Otomobil Teknolojilerinin Beşiği: Formula 1
İkinci Dünya Savaşı sonrası başlayan otomobil teknolojilerinin gelişim yarışında Formula 1, sadece pilotların hırslarını ve yeteneklerini kanıtlamaya çalıştıkları bir spor dalı olmanın çok ötesine geçti. Aynı zamanda, aralarında yoğunlukla binek ve spor araba üreticileri bulunan birçok takımın da teknoloji yarışına öncülük etti.
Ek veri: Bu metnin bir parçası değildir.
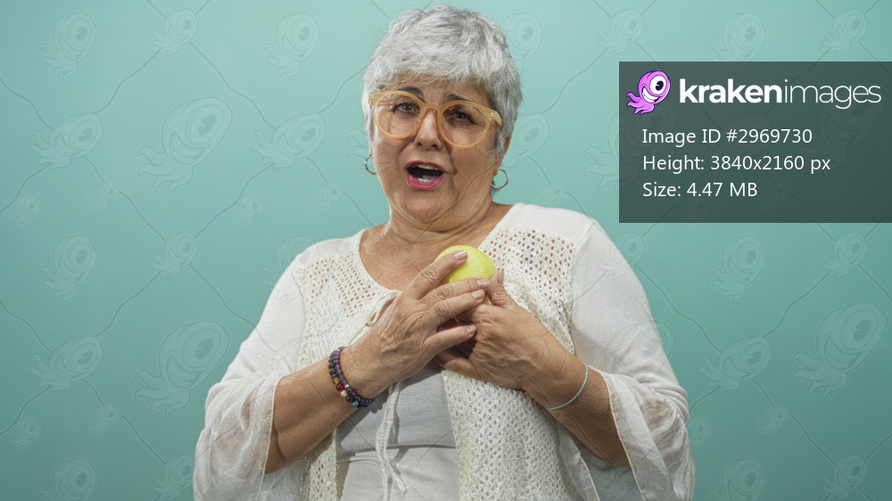 Woman, senior with grey hair and glasses, holding and examining a green apple with both hands in a studio teal backdrop; gentle curiosity.

Formula 1’den yol araçlarına aktarılan Formula 1 teknolojilerini tüm detaylarıyla anlatmaya bu kısa yazı yetmese de bilhassa öne çıkanları sizler için derledim.
Kulakçık Vites: Namıdiğer F1 Vitesi
Geçmişi 1900’lerin başına kadar uzansa da kulakçık vitesler günümüzdeki yerini Ferrari’nin İngiliz mühendisi John Barnard’a borçlu. Yarı otomatik vites kutusunun mucidi olan Barnard, Ferrari’nin 1989 yılındaki Formula 1 aracına direksiyonun arkasında bulunan iki kulakçık vites ekledi. Bu muhteşem inovasyon, her ne kadar Ferrari 640’ın ezeli rakipleri McLaren’e şampiyonluğu kaybetmesine engel olamasa da takip eden yıllarda diğer takımlar için de standart haline gelen bir Formula 1 teknolojisi oldu.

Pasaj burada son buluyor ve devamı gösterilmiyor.